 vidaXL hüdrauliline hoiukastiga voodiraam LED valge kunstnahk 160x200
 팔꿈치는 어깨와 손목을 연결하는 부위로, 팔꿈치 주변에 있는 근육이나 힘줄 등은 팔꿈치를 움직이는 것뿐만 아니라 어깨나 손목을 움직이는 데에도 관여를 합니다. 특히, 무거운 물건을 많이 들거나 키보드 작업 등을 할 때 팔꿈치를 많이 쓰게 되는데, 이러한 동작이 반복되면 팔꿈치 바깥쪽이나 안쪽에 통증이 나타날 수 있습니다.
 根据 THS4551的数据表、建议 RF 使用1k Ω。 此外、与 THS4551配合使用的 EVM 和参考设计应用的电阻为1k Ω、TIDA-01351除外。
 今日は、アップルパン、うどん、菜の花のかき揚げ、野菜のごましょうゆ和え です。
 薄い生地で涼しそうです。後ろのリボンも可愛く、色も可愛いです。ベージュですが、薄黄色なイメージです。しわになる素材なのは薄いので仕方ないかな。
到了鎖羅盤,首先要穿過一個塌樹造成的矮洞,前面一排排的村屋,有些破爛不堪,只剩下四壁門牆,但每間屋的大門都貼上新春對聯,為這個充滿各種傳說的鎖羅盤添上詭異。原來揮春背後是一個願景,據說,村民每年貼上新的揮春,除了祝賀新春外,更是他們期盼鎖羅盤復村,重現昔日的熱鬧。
========
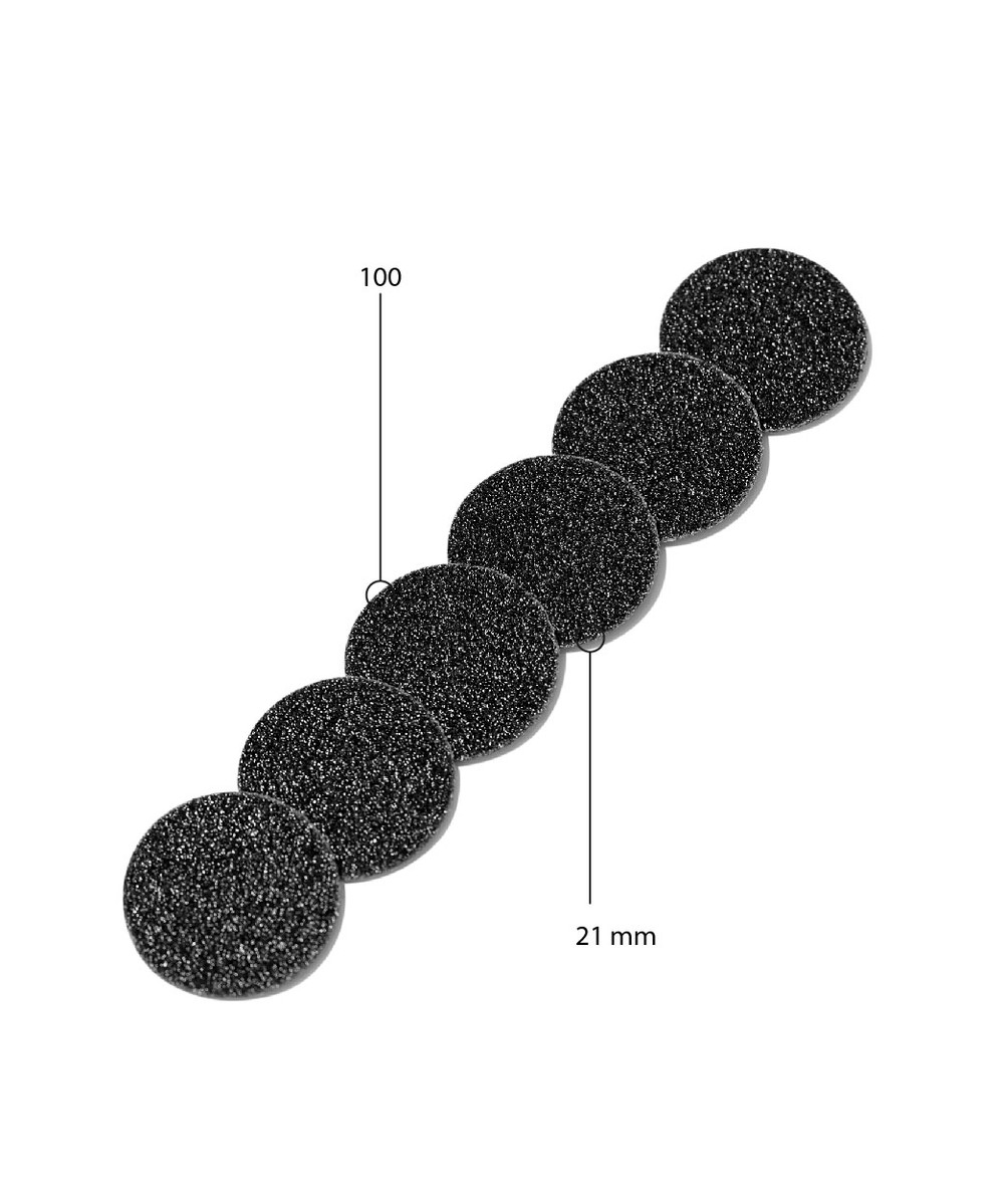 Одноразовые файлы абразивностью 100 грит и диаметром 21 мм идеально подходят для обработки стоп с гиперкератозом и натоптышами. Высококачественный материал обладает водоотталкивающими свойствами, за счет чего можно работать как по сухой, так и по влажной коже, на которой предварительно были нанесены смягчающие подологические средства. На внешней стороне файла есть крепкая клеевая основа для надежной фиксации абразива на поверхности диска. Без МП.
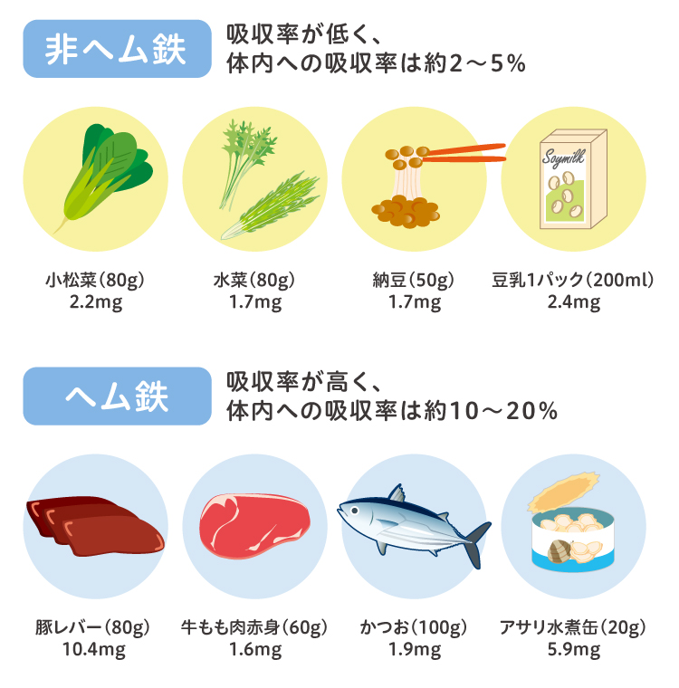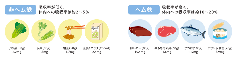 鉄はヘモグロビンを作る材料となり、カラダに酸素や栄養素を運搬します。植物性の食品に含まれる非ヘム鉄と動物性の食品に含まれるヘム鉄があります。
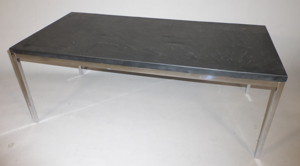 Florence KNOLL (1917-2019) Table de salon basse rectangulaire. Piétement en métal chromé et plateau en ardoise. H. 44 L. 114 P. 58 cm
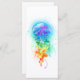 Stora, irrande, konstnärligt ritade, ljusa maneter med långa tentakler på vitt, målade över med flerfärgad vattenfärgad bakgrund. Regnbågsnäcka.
========
The entries above hold a line with "今日は、アップルパン、うどん、菜の花のかき揚げ、野菜のごましょうゆ和え です。" and a later line with "到了鎖羅盤,首先要穿過一個塌". Write out exactly those lines and all lines between, nothing more.

▶ [Output of the task]:
 今日は、アップルパン、うどん、菜の花のかき揚げ、野菜のごましょうゆ和え です。
 薄い生地で涼しそうです。後ろのリボンも可愛く、色も可愛いです。ベージュですが、薄黄色なイメージです。しわになる素材なのは薄いので仕方ないかな。
到了鎖羅盤,首先要穿過一個塌樹造成的矮洞,前面一排排的村屋,有些破爛不堪,只剩下四壁門牆,但每間屋的大門都貼上新春對聯,為這個充滿各種傳說的鎖羅盤添上詭異。原來揮春背後是一個願景,據說,村民每年貼上新的揮春,除了祝賀新春外,更是他們期盼鎖羅盤復村,重現昔日的熱鬧。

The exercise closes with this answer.